Why this severity: Info because this is a UX polish concern, not a direct security vulnerability — authentication still functions, but duplicate submissions and silent failures degrade trust.

Hardcoded default credentials (CWE-798) in seed scripts or initialization code are one of the most targeted attack vectors — automated scanners look for accounts with passwords like 'admin123', 'password', or 'test' within minutes of a deployment. OWASP A07 includes default credentials as a named authentication failure. PCI-DSS v4.0 Req-2.2.2 requires that vendor default accounts are either removed/disabled or have their default passwords changed per Req-8.3.6. A seed script that creates an admin account without an environment guard may silently run in production during a migration or initial deploy, creating a fully privileged account with a known, public password.

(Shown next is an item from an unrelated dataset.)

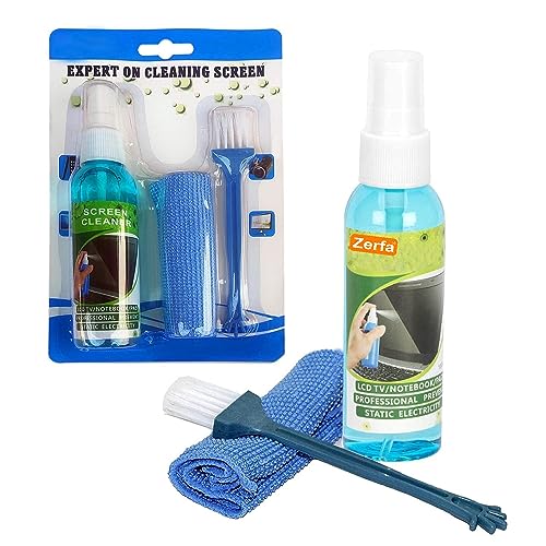 Zerfa - مجموعة تنظيف شاشة العرض 3 في 1 مع فرشاة قماش بخاخ، أداة تنظيف للاب توب والكمبيوتر والموبايلات وشاشة ال سي دي وليد من زدرفا، (بخاخ تنظيف الشاشة 3 في 1 مع أداة تنظيف فرشاة قماشية)

Why this severity: Info because default credentials require an attacker to know or guess the account exists, but their presence in production is a high-confidence finding that warrants immediate remediation.

Without auth event logging, a brute-force campaign, credential stuffing run, or account takeover leaves no trace in your infrastructure. CWE-778 (Insufficient Logging) directly applies. OWASP A09 (Security Logging and Monitoring Failures) lists insufficient logging of authentication events as a primary failure mode. PCI-DSS Req-10.2.1 mandates logging of all individual user access events. ISO 27001:2022 A.8.15 requires audit trail maintenance for all authenticated actions. When an account is compromised and you have no logs, you cannot determine scope, timeline, or affected users — incident response becomes guesswork.

Why this severity: Info because missing auth logs do not directly enable attacks, but they prevent detection, investigation, and response when attacks occur.